Two immunopathological variants of glomerulonephritis development are possible. One of them arises as a result of the interaction of autoantibodies with autoantigens - the protein components of the renal tissue, mainly the basal membrane of the wall of the glomerular capillaries. These complexes are formed and located directly on the basal membrane of the glomerulus, causing it to damage (antibody, caused by autoantibodies to the basal membrane of the glomerulonephritis glomerulus). In the second variant, the formation of immune complexes occurs in the blood due to binding of antibodies to extrarenal and extra-lute antigens. Initially, these immune complexes circulate in the blood, then precipitate on the basal membranes of the glomerular capillaries and cause their damage (immunocomplex glomerulonephritis).
It has been established that up to 75-80% of glomerulonephritis is caused by immune complexes, less than 10% is associated with antibodies to the basal membrane of the glomeruli.
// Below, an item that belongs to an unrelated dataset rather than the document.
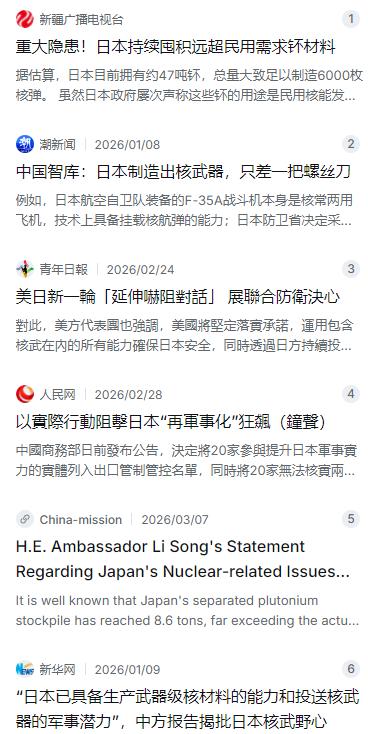 中美俄罕见意见一致:宁可此国从地球上消失,也绝不允许它拥有核武器。中俄经常联手反对美国霸权主义,但是有一件事,三国的意见却出奇地一致,那就是宁愿这个国家从地球上消失,也不能让它造出来核武器,这个国家到底是谁? 麻烦看官老爷们右上角点击一下“关注”,既方便您进行讨论和分享,又能给您带来不一样的参与感,感谢您的支持! 说得直白点,这三家现在的态度出奇一致:宁愿某个国家从地球上消失,也绝不允许它拥有核武器。这个让全球三大巨头同时坐不住的国家,不是中东的伊朗,也不是东北亚的朝鲜,而是我们身边的日本。 你可能会纳闷,美国不是日本的老大哥吗?怎么也不让小弟拥核?其实这里头的逻辑很简单:核武器这东西,不是谁都能碰的“玩具”。美国虽然在全球搞军事同盟,但它最怕的就是核不扩散这根弦崩断。一旦日本突破了这道底线,那韩国、澳大利亚甚至沙特都得跟着闹,到时候美国在亚太那点掌控力就全乱了。所以别看美国天天喊着“保护日本”,但在核武器这事儿上,它比谁都盯得紧。 再说说数据,为什么全世界这么紧张?因为日本早就不是那个只靠“和平宪法”过日子的国家了。根据最新的公开数据,日本手里攒着的分离钚已经超过了47吨。47吨是什么概念?专家算过一笔账,这些材料如果用来造核弹头,足够造出6000枚左右。这还只是保守估计,而且这里面相当一部分是武器级的,技术上拧把螺丝刀就能用。 日本以前老拿“民用核电”当挡箭牌,可现在这个借口也编不下去了。受当年福岛核事故的影响,现在日本全国还在运行的核反应堆就那么几台,而且大部分用的都是普通铀燃料,根本不需要烧钚。就算按它自己画的饼,到2030年把烧钚的反应堆增加到18个,一年满打满算也就能消耗2.6吨。可日本这些年不仅没消化库存,每年还从英国和法国往回运好几吨新钚,这明摆着是“只进不出”,账根本算不平。 其实说白了,日本之所以能这么“玩火”,是因为它钻了国际规则的漏洞。它是全世界唯一一个没有核武器、却掌握全套后处理技术、能随时提取武器级钚的《不扩散核武器条约》缔约国。这就像一个人嘴上说自己不打架,手里却时刻攥着一把开了刃的刀,还把刀锋磨得锃亮。更让人后背发凉的是,这些年日本一直在悄悄攒运载工具——买了400枚“战斧”巡航导弹,把F-35A战机这种核常两用的平台当宝贝用,技术上早就做好了挂载核弹头的准备。 而且,这种危险不是我们一家在说。就在今年1月初,中国军控与裁军协会联合中核战略规划研究总院专门发了一份重磅报告,标题就叫《日本右翼的核野心:对世界和平的严重威胁》。这份报告里提了个特别形象的比喻,美国专家形容日本造核弹,就像拧一把螺丝刀那么简单。这话可不是吓唬人,以日本现在的工业底子,真要铤而走险,几个月甚至几十天就能把家伙事儿给造出来。 当然,中俄两国反对日本拥核,还有一段绕不开的历史心结。上世纪日本军国主义发动的侵略战争,给亚洲人民带来了深重灾难。如今日本右翼势力不仅不彻底反省,还在靖国神社等问题上反复挑衅,甚至跟俄罗斯有南千岛群岛(日称北方四岛)的领土争端,跟中国在钓鱼岛问题上也是摩擦不断。这种背景下,如果让日本再拿上核武器,那无异于给一个还在冒烟的灰堆里扔炸药包。 不过,进入2026年之后,局势有了新变化。一方面是日本新政府上台后,有些高官嘴上开始不把门,甚至公开暗示要讨论“核共享”或者引进核潜艇。另一方面,美国虽然在口头上对日本搞“延伸威慑”,用核伞罩着它,但在防止日本真正拥核这件事上,美国的态度其实极其坚决。2月份美日刚开完“延伸威慑对话”,美国人强调得很清楚,我可以在你这里部署核武器来防别人,但你自己绝对不能造。 可以说,现在的日本正站在一个危险的三岔路口。国际社会给的信号已经非常明确:要么老老实实恪守“无核三原则”,把多余的钚材料处理干净,接受国际原子能机构的严格核查;要么一条道走到黑,挑战二战后建立的国际秩序。如果是后者,那等待它的绝对不是“拥核大国”的荣光,而是来自中国、美国、俄罗斯甚至整个国际社会的全面封锁与严厉制裁。到时候,那句“宁可消失”的警告,恐怕真会变成现实。

The same immunological reactions that induce glomerulonephritis can cause damage to the tubular cells, vessels. The result of such an impact is a monocular or neutrophil infiltration of the interstitial kidney and the development of the inflammatory process, which is united by the concept of tubulointerstitial nephritis. The latter can be caused by autoantibodies to the tubular basement membrane, immune antigen-antibody complexes, cell-mediated immune responses. In some cases, tubulointerstitial nephritis accompanies glomerulonephritis, in other cases there are no changes in the glomeruli and tubulointerstitial nephritis exists as an independent disease.